Louis Heathcote zum Beispiel hat nach Leicester keine Anreisekosten. Ich habe auch Verständnis dafür, wenn er sich ärgert, welchen großen Anteil seines bei der Quali erspielten Preisgelds er dafür verwenden muss, um zur nächsten Runde nach Deutschland anzureisen. Aber im Kontrast dazu steht dann der deutsche Profi, der zur Quali nach Leicester reisen muss, um sich dort nicht für sein Heimturnier zu qualifizieren, und der kein Geld dabei verdient.
Alle gleich zu behandeln heißt nicht notwendigerweise, dass alle die gleichen Chancen haben. Ich würde mir wünschen, dass die WST Stimmen wie Petrov mehr Gehör schenkt. Er schlägt vor, die Matchzeiten anzupassen. Darüber könnte man doch nachdenken. Die asiatischen Spieler*innen spielen ja sicherlich auch nicht zufällig gehäuft am Vormittag. Wenn man Matches eh gezielt zeitlich legt, warum dann nicht auch diese?
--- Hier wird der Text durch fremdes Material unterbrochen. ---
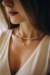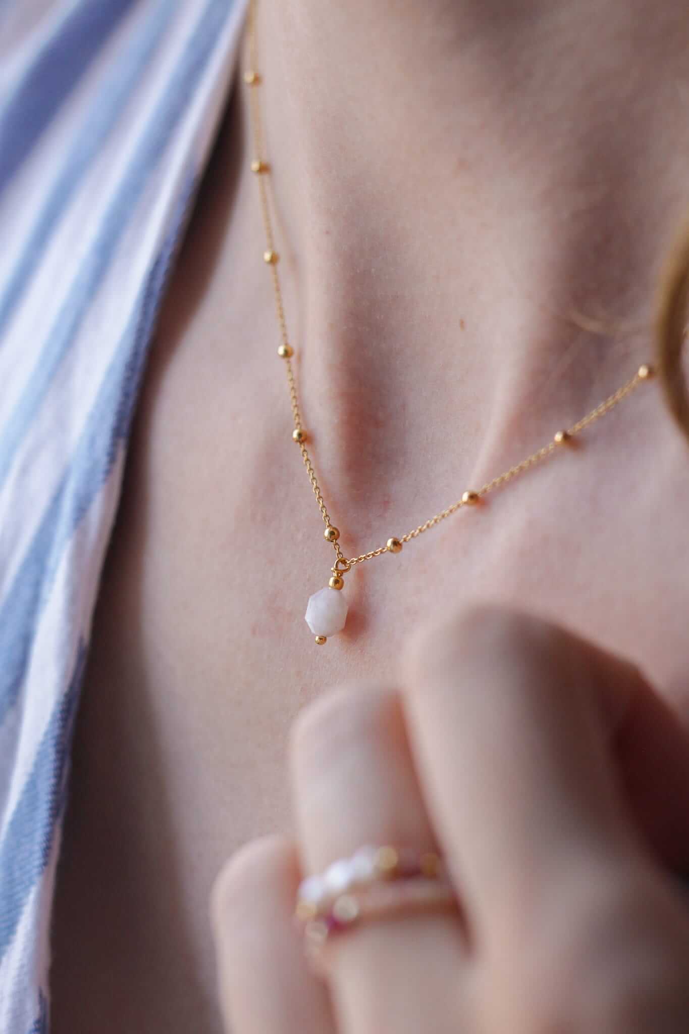 Drugi naszyjnik to modny, złocony 24-karatowym złotem łańcuszek z kuleczkami połączony z zawieszką w postaci naturalnego kamienia księżycowego.

Nachrücken auf die letzte Minute?
Zu dieser Problematik passt auch ein Beitrag, den Iulian Boiko am Freitag auf seinem Facebook-Account teilte:
Bei der Qualifikation zu den British Open musste Iulian Boiko ein kurzfristiges Angebot ausschlagen, für Asjad Iqbal einzuspringen. Er wurde erst wenige Stunden vor dem Spiel angerufen und hatte daher keine Chance mehr, rechtzeitig von Polen nach England anzureisen. Als Ronnie O’Sullivan vor ein paar Tagen für die Hauptrunde absagte, wurde Iulian nicht erneut gefragt, ob er einspringt, da er ja bereits abgesagt hatte. Das betraf nicht nur ihn, sondern auch ein paar britische Spieler, die ebenfalls nicht rechtzeitig zur Qualifikation anreisen konnten. Aber auch hier gilt: Alle Qualifikationen werden in Großbritannien gespielt. Bei kurzfristigen Absagen sind Spieler*innen, die nicht in Großbritannien wohnen, immer benachteiligt.
Auch die Profi-Frauen kämpfen mit diesen Herausforderungen. Baipat Siripaporn stand vorgestern noch für die International Championship in Sheffield am Tisch und spielt heute den ganzen Tag bei den UK Women’s Championship in Leeds.